In another embodiment, the present disclosure provides kits for carrying out the methods of the disclosure. In some embodiments, a kit can include one or more of a CABRNT, CAVA, and/or CABRNT-CAVA guide of the disclosure, a Cas protein, a polynucleotide encoding a Cas protein, an effector protein, a polynucleotide encoding an effector protein, a multiplexed genetic targeting agent, a polynucleotide encoding a multiplexed genetic targeting agent, a donor polynucleotide, a tandem fusion protein, a polynucleotide encoding a tandem fusion protein, a reporter element, a genetic element of interest, a component of a split system and/or any nucleic acid or proteinaceous molecule necessary to carry out the embodiments of the methods of the disclosure, or any combination thereof.

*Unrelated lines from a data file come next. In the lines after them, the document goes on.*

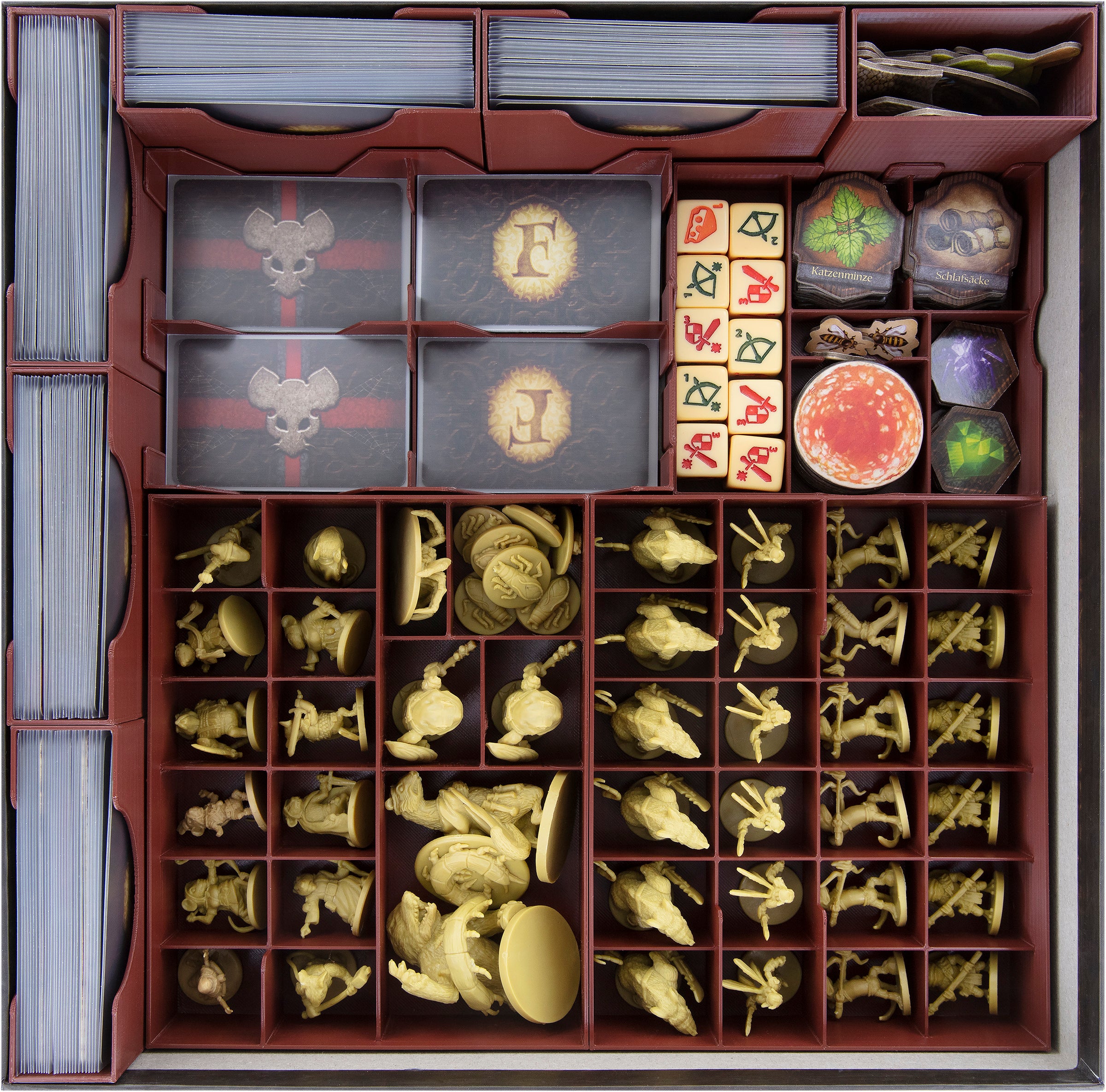 • It offers space for all miniatures, cards and the entire game material of the "Mice and Mystics" core game and the two expansions "Heart of Glorm" and "Downwood Tales".
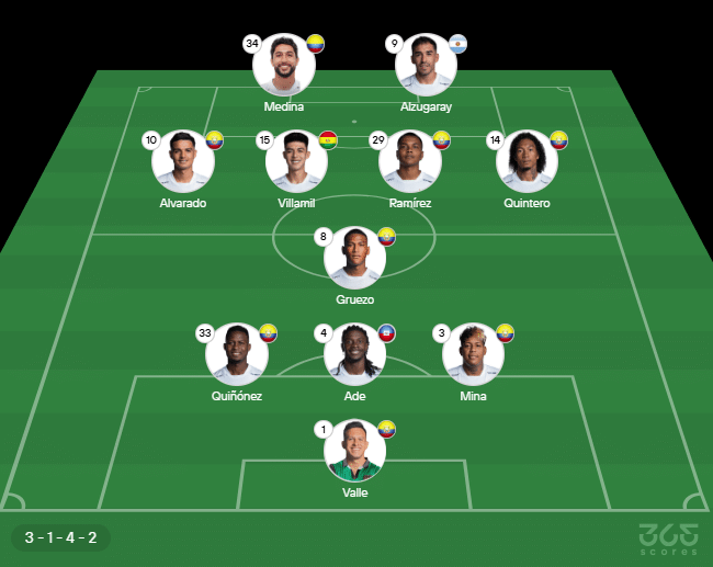 - Provável escalação da LDU: Valle; Quiñonez, Ade e Mina; Gruezo, Alvarado, Villamil, Ramírez e Quintero; Medina e Alzugaray.
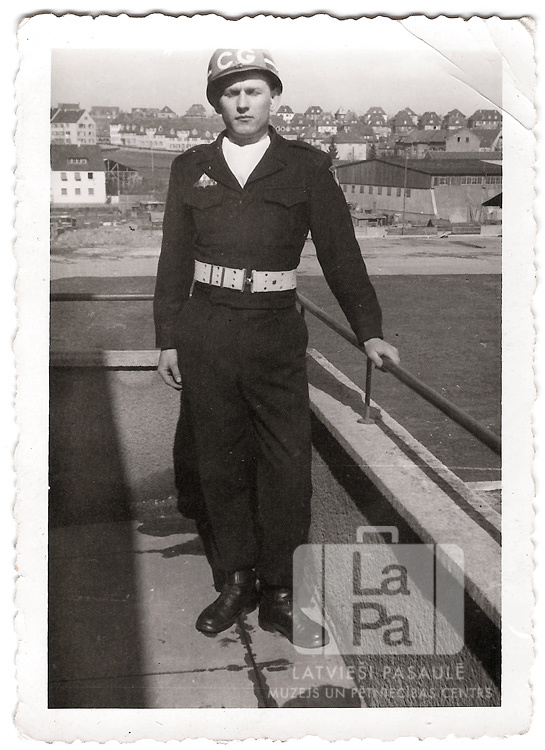 Arnolds Zone stāv uz verandas "melno vienības" uniformā Štutgartē (amerikāņu zonā) ap 1948. gadu. Tālumā redzams pilsētas jumtu skats.
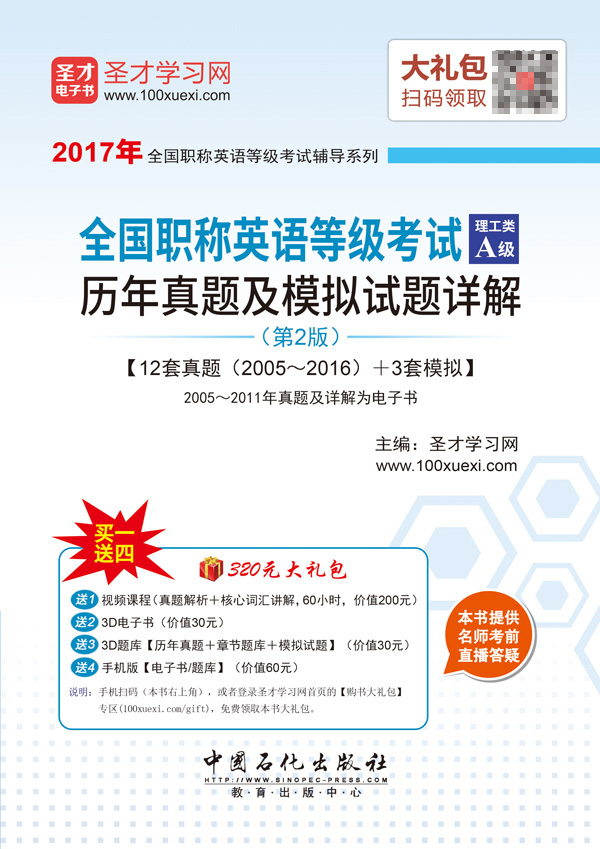 圣才学习网│英语类(www.100xuexi.com)提供全国职称英语等级考试辅导方案【视频课程、3D电子书、3D题库等】。购书享受大礼包增值服务【200元视频课程+30元3D电子书+30元3D题库+60元手机版电子书/题库】。本书提供名师考前直播答疑,手机电脑均可观看,直播答疑在考前推出(具体时间见网站公告)。手机扫码(本书封面的二维码),或者登录圣才学习网首页的【购书大礼包】专区(100xuexi.com/gift),免费领取本书大礼包。
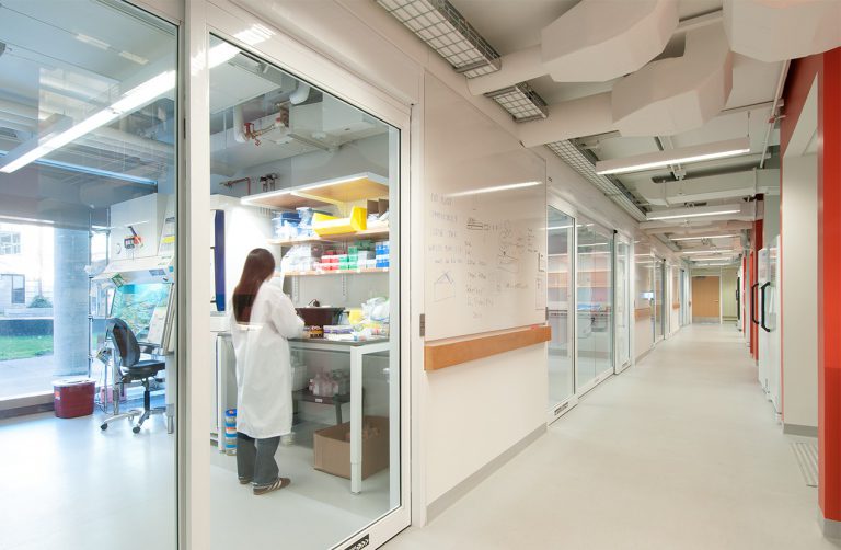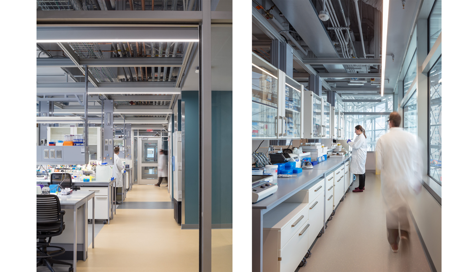 Our approach was to renovate the labs utilizing a prefabricated service grid system, procured by multiple vendors, which allowed the majority of the components to be manufactured off site. Therefore the vast majority of the laboratory components arrived premade and the renovation was executed in a relatively short period of time with minimal disruption to the building’s ongoing occupation.
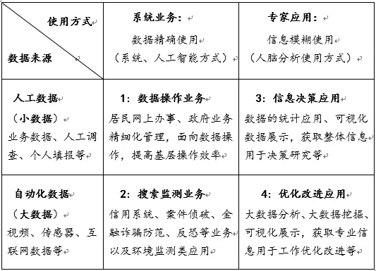 將兩類數(shù)據(jù)來源(人工數(shù)據(jù)、自動(dòng)化數(shù)據(jù))與兩類應(yīng)用(系統(tǒng)業(yè)務(wù)模式、專家應(yīng)用模式)組合起來,即可得到四種數(shù)據(jù)的收集與使用狀況:
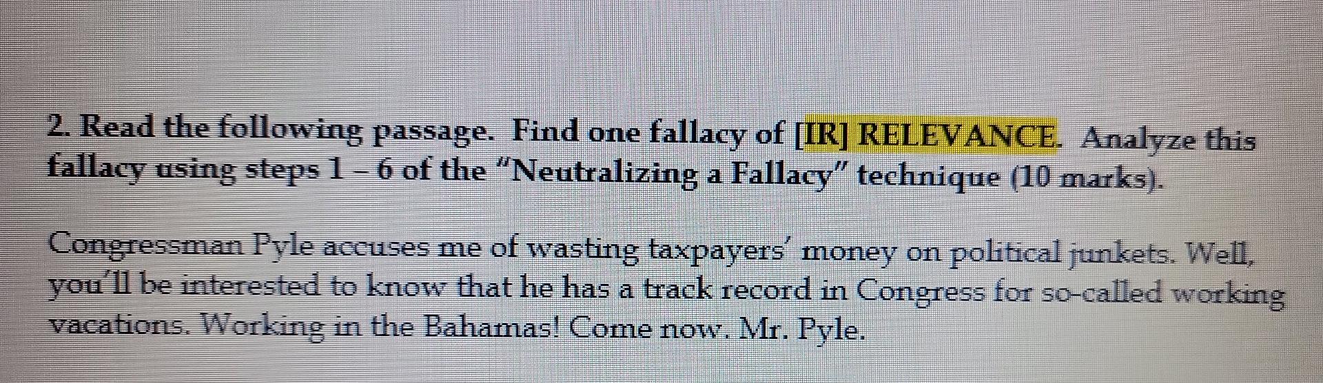 Solved 1. Name the fallacy 2. Identity the criteria for the | Chegg.com
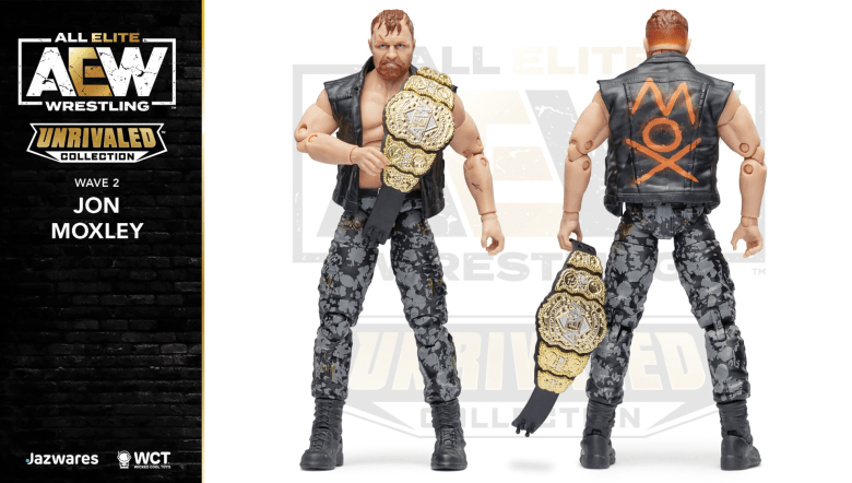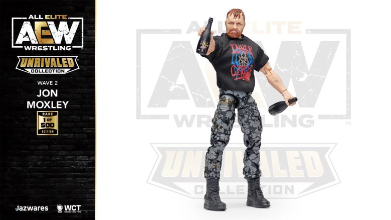 Jon Moxley will be the 1-in-500 chase figure in the second wave of AEW Unrivaled figures from Jazwares. The figure comes with soft goods Inner Circle shirt and bottles of bubbly.
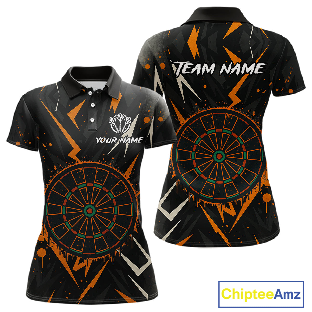Custom Black Orange Dartboard Grunge Dart Women Polo Shirt Dart Tournament Jerseys NYN1567
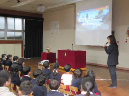 始業式では、冬休みの話を聞いたり、交通安全についてみんなで考えたりしました。
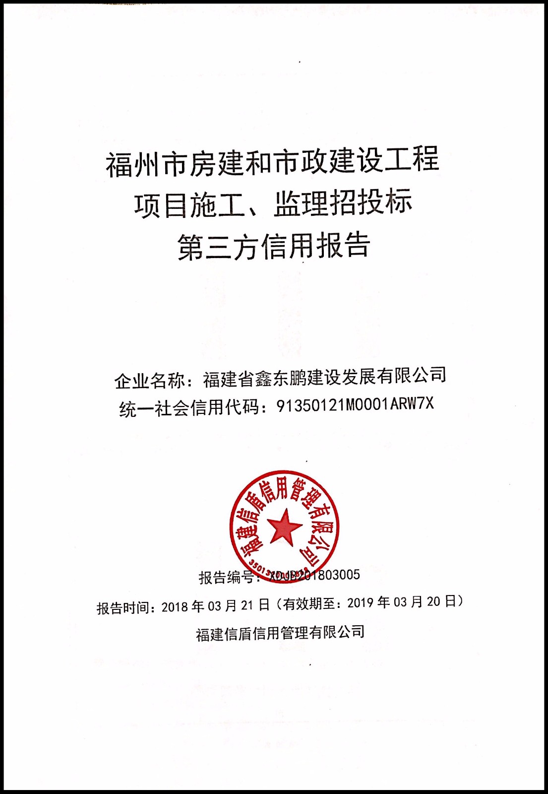 福建省鑫東鵬建設發展有限公司 XDJB201803005
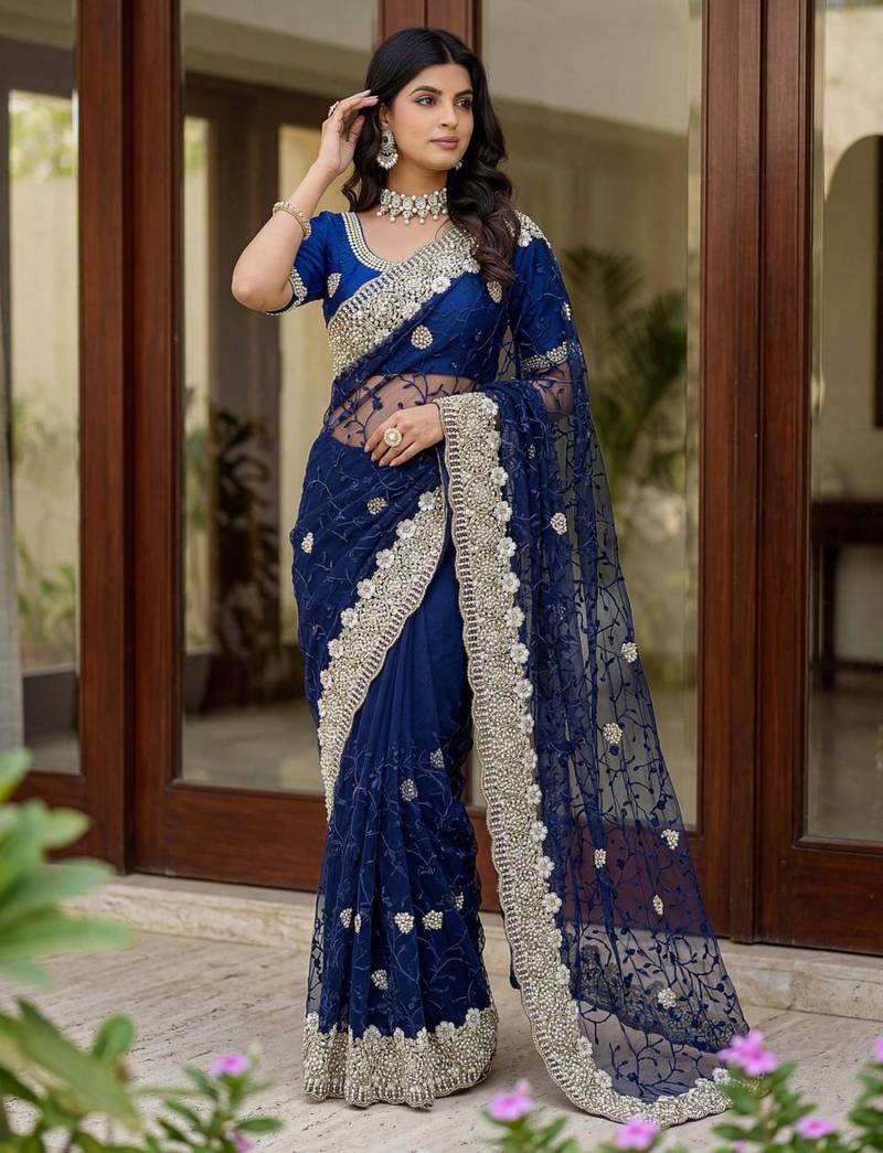 | • | Saree | : | Color- Blue / Fabric- Net |
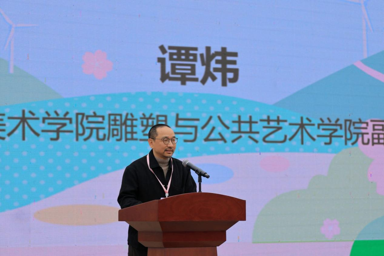 陈辉教授在发言中表示,大幕艺术季是高校艺术力量扎根乡土、服务基层的重要实践,是公共艺术真正走进田野、走进村民生活的鲜活案例。它打破了我们以前在拘泥在象牙塔的一种环境里头的一种自我的吟唱的一种方式。他希望以此次活动为纽带,持续深化校地合作,推动艺术创作与乡村空间、乡土文化深度融合,让艺术成为乡村可持续发展的持久动力。
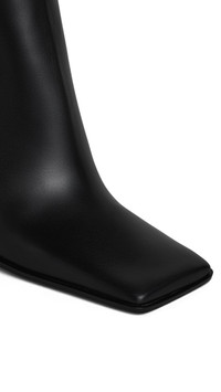 DETAILS Ankle chelsea boots with square toe Shiny leather stacked block heel 90 mm heel Soft calfskin leather Made in Italy MATERIALS Highlights MAIN MATERIAL: 100% CALFSKIN LEATHER SECONDARY MATERIAL: 100% CALFSKIN LEATHER MAIN LINING: 100% LAMBSKIN LEATHER SECONDARY LINING: 100% GOATSKIN LEATHER TRIMMING: 100% ELASTANE SOLE: 50% CALFSKIN LEATHER, 50% RUBBER HEEL:100% ACRYLONITR BUTADIENE STYR PRODUCT REFERENCE: AA3O2022I052-999
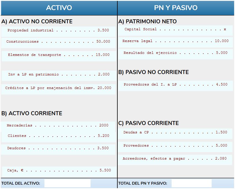 b) Calcula la cifra del capital social y ordena las cuentas según el PGC.
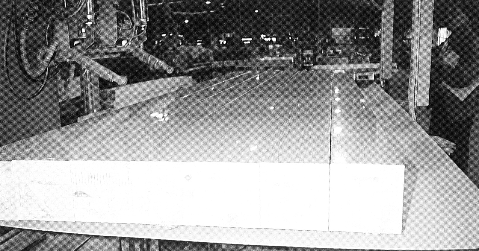 当時、佐伯市宇目の面積は266平方キロ。そのうち93%、249平方キロを林野で占めた。林業は町の重要な産業であった。佐伯市宇目林研グループは、町のふるさと創生事業の一環として、大阪市場や奈良県吉野などを訪れた。写真は奈良県にある集成材工場。
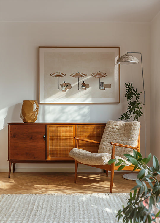 Eine ruhige und schlichte Illustration mit drei gestreiften Sonnenschirmen und zwei Personen in Liegestühlen an einem hellen Strand. Die gedämpften Farben und die entspannte Komposition vermitteln ein Gefühl sommerlicher Ruhe und mediterraner Atmosphäre. Perfekt für Sommerhäuser, moderne Häuser oder Galeriewände.
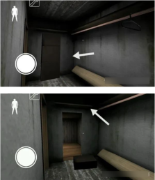 这是出生的房间,当你靠近床时,可以通过点击右上角躲到床下,衣柜也是一个可以藏身的地方。在床头柜左侧的抽屉里有三行红字:“离开这个房子”,而右侧的抽屉通常不会出现任何物品(至少我没有遇到过)。在这个房间里,只有花瓶和放置花瓶的桌子是可以被推倒的,你还可以拿起花瓶并将其扔在地上。到了第二天,出生房的门会被锁住,因此你需要通过扔花瓶或推倒桌子来吸引奶奶过来,之后再迅速躲进床下或者衣柜里,等待奶奶离开。
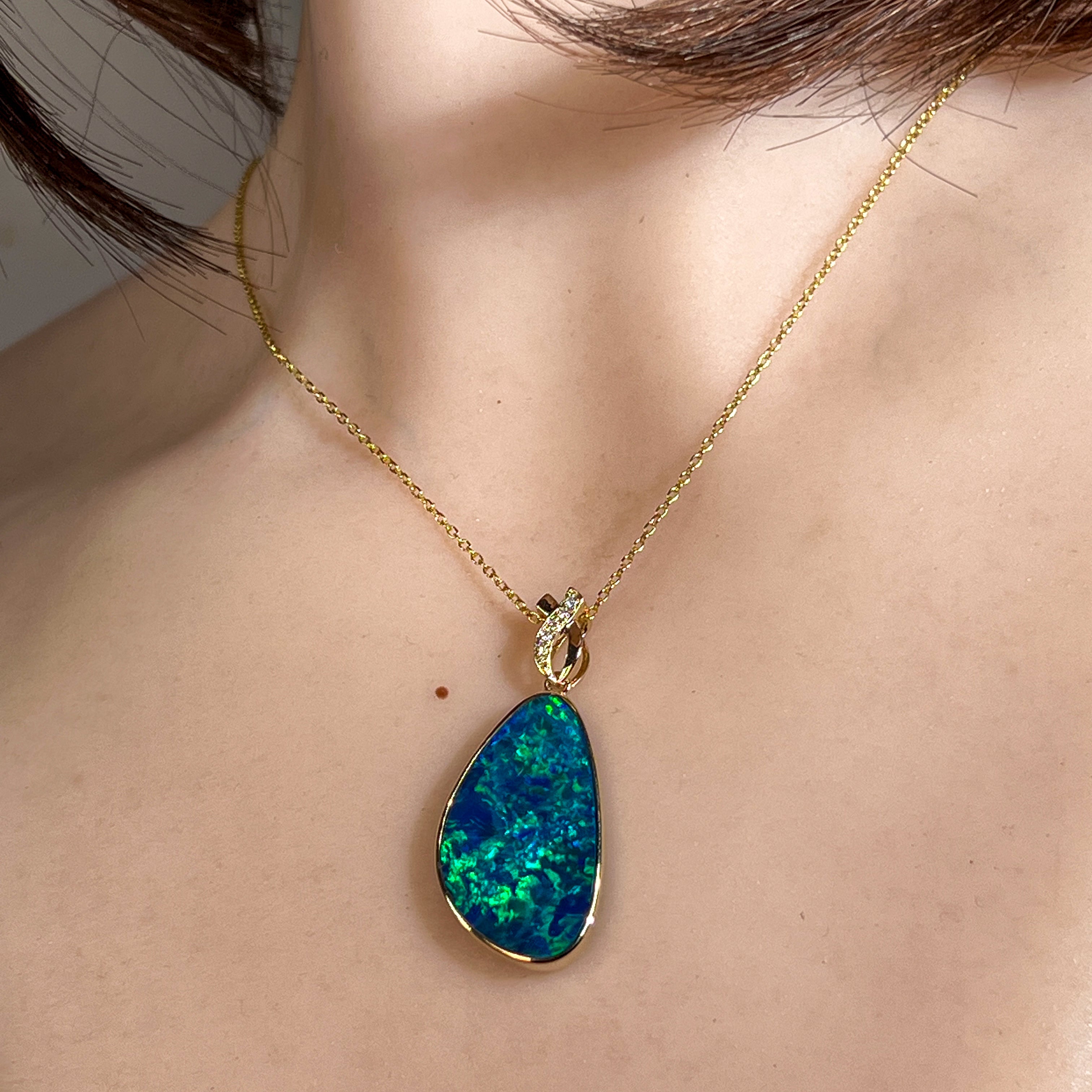 14kt Yellow Gold Opal doublet 7.35ct and diamond pendant

In some embodiments of the kits, the kit can comprise a single-guide nucleic acid-targeting nucleic acid. In some embodiments of the kits, the kit can comprise a dual-guide nucleic acid-targeting nucleic acid. In some embodiments of the kits, the kit can comprise two or more dual guide or single-guide nucleic acid-targeting nucleic acids. In some embodiments, a vector may encode for a nucleic acid targeting nucleic acid that is used in combination with a synthesized CABRNT, CAVA, or CABRNT-CAVA polynucleotide or guide (e.g., a tracrRNA, a crRNA, a sgRNA, or a crRNA/tracrRNA).

In some embodiments of the kits, the kit can further comprise a donor polynucleotide, or a polynucleotide sequence encoding the donor polynucleotide, or a viral vector comprising a donor polynucleotide, to achieve the desired genetic modification. Components of a kit can be in separate containers or can be combined in a single container.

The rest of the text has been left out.